«Говорил он мне, — вспоминала сестра поэта, — что девочку назвал Марией в честь бабушки, а отчасти потому, что не хотел дать дочери другого имени, которое можно было бы коверкать, согласно народной фантазии…»
Девочку крестили в Сергиевском «всей артиллерии» соборе 7 июня 1832 года. Ее восприемниками при крещении были Наталия Ивановна Гончарова, Сергей Львович Пушкин, Афанасий Николаевич Гончаров и Екатерина Ивановна Загряжская.
И вновь письмо сестры поэта в Варшаву супругу Николаю Павлищеву: «Александр, когда возвращался при мне домой, целовал свою жену в оба глаза, считая это приветствие самым подходящим выражением нежности, а потом отправлялся в детскую любоваться своей Машкой, как она находится, или на руках у кормилицы, или почивает в колыбельке, и любовался ею довольно долго, часто со слезами на глазах, забывая, что суп давно на столе».

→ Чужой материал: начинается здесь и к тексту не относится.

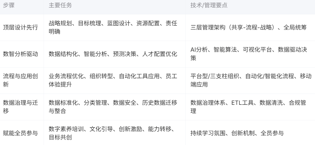国有企业人力资源数字化转型的核心,在于实现管理范式的全面升级与组织能力的系统提升。通过顶层设计的科学引领,企业能够明确转型方向、统筹资源配置,为后续各环节的高效协同和创新突破打下坚实基础。

День рождения маленькой Маши Пушкиной стал семейным праздником. В мае 1833 года, когда девочке исполнился год, на торжество в доме поэта собрались его родственники и друзья. По сохранившимся счетам из винного погреба Рауля можно узнать, что в тот день за здоровье именинницы было выпито четыре бутылки шампанского и столько же бутылок легкого сухого вина. (В тот год столь пышно отмечались еще и крестины сына Александра.)
Маленькая Маша вскоре стала предметом восторгов родителей поэта. «Как бы мне хотелось, милая Оленька, — пишет дочери Сергей Львович, — чтобы ты ее увидала и нарисовала ее портрет! Моя внучка — ангел кисти Рафаэля!..»
«Именно кисти Рафаэля, — вторит мужу Надежда Осиповна, — и чувствую: полюблю Машу до безумия, сделаюсь такой баловницей, как все прочие бабушки… Девочка меня полюбила; беру ее на руки…»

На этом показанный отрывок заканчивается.